As an atheist growing increasingly weary of conservatives' increasingly absurd "culture of life" stance on everything from Terri Schiavo to stem cells, this is certainly welcome news
The consciometer will strengthen this authority further. Families won't have to agonize over whether an unresponsive loved one is conscious; the consciometer will tell them. People filling out living wills will be able to specify their wishes based on measurable levels of conscious function. Ethical and legal precepts will rest on a clearly defined framework. Most people may welcome an end to torturous end-of-life ambiguities; religious conservatives probably won't.

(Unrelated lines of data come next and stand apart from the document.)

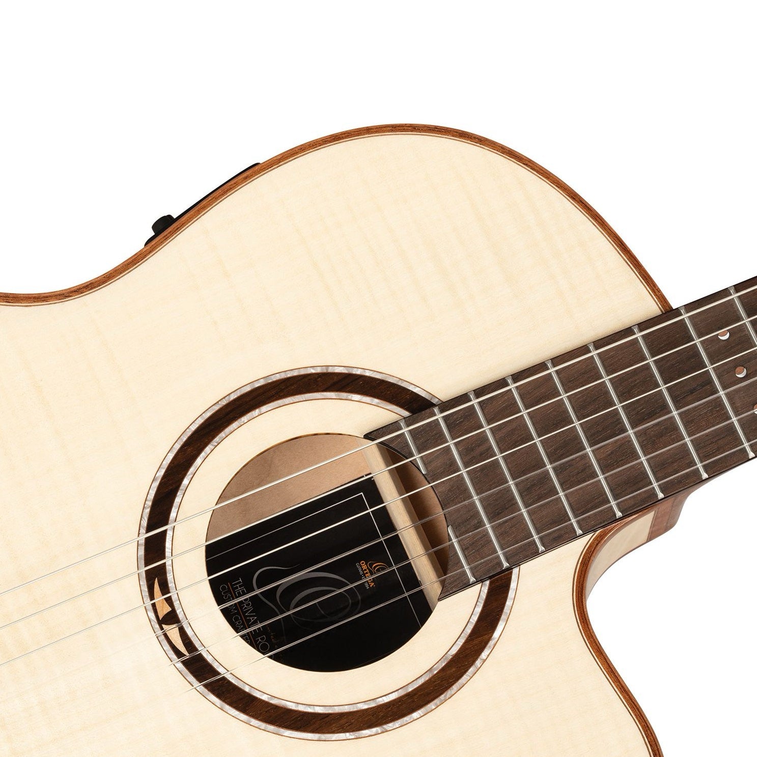 Ortega Bridesuitece The Private Room Series är en exklusiv nylonsträngad thinbody-gitarr designad för scenbruk där elegans möter professionell prestanda. Med solid flammig lönn, uppladdningsbar elektronik och genomtänkt komfort är detta ett förstklassigt val för livegitarrister som vill kombinera visuell wow-faktor med klar och artikulerad ton.
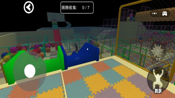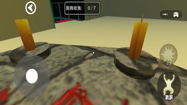 1、通过滑动屏幕控制角色移动,长按交互键可拾取散落的图腾关键道具。
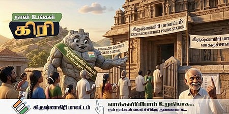 இந்த நிலையில், கிருஷ்ணகிரி மாவட்ட வாக்காளா்களிடம் விழிப்புணா்வை ஏற்படுத்தும் வகையில், 34 விநாடி ஓடும் குறும்படத்தை மாவட்ட நிா்வாகம் வெளியிட்டுள்ளது. அதில், மலையும், கோட்டையும் மனித உருவில் நடந்துகொண்டே வாக்காளா்களிடம் பேசுவதுபோல உருவாக்கப்பட்டுள்ளது.
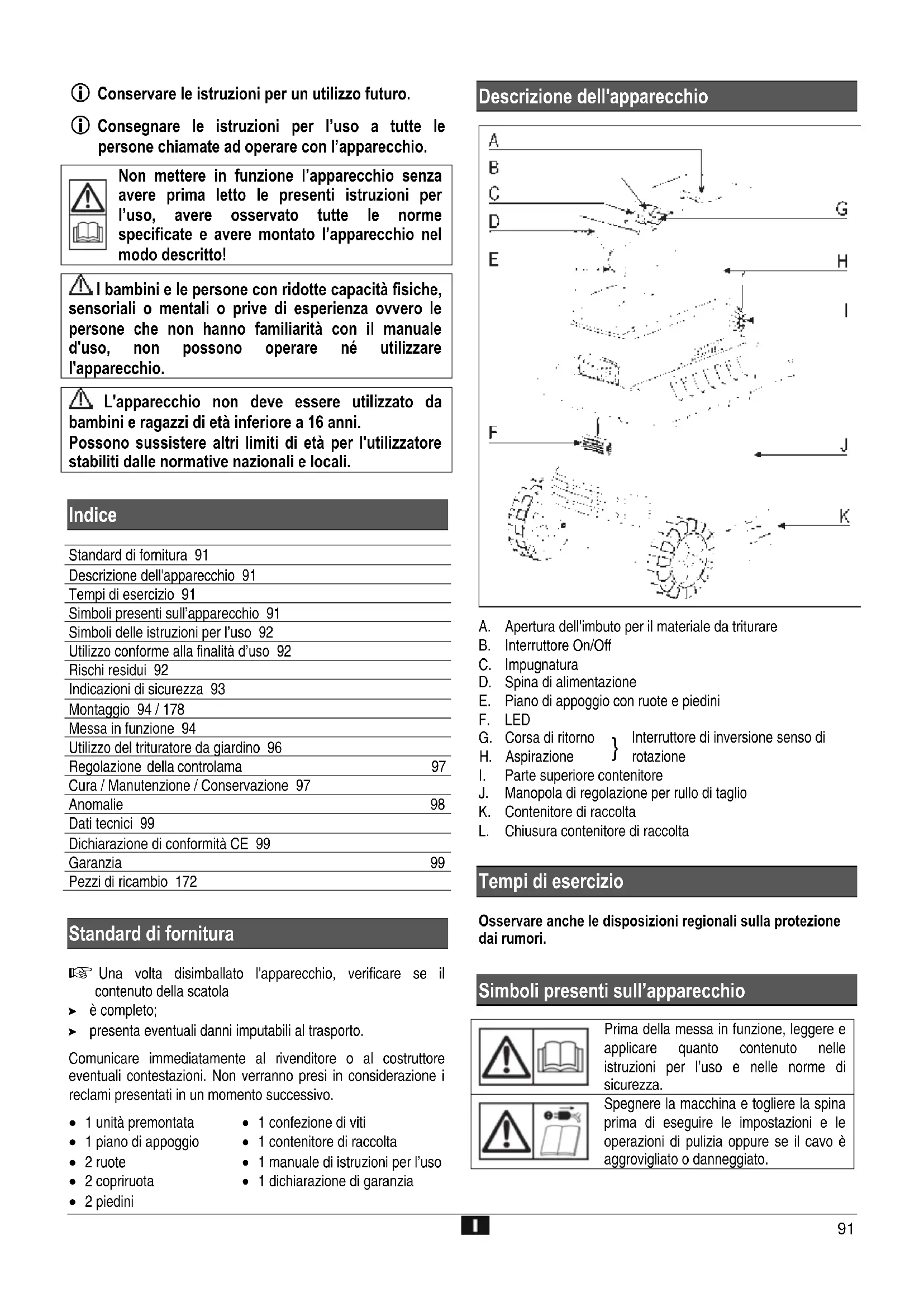 Indice Standard di fornitura 91 Descrizione dell'apparecchio 91 Tempi di esercizio 91 Simboli presenti sull’apparecchio 91 Simboli delle istruzioni per l’uso 92 Utilizzo conforme alla finalità d’uso 92 Rischi residui 92 Indicazioni di sicurezza 93 Montaggio 94 / 178 Messa in funzione 94 Utilizzo del trituratore da giardino 96 Regolazione della controlama 97 Cura / Manutenzione / Conservazione 97 Anomalie 98 Dati tecnici 99 Dichiarazione di conformità CE 99 Garanzia 99 Pezzi di ricambio 172

The consciometer may not put the abortion issue to rest—given the deeply held religious and moral views on all sides, it's hard to imagine that anything could. But by adding a definitive neurophysiological marker to the historical and secular precedents allowing abortion in the first two-thirds of pregnancy, it may greatly buttress the status quo or even slightly push back the 23-week boundary. There is another possibility. The implications of the consciometer could create a backlash that displaces science as the legal arbiter of when life ends and begins. Such a shift—a rejection of science not because it is vague but because it is exact—would be a strange development, running counter to the American legal tradition. Should a fundamentalist view of life trump rationalist legal philosophy? Roe v. Wade considered this question explicitly and answered no. For nonfundamentalists, that probably still seems right.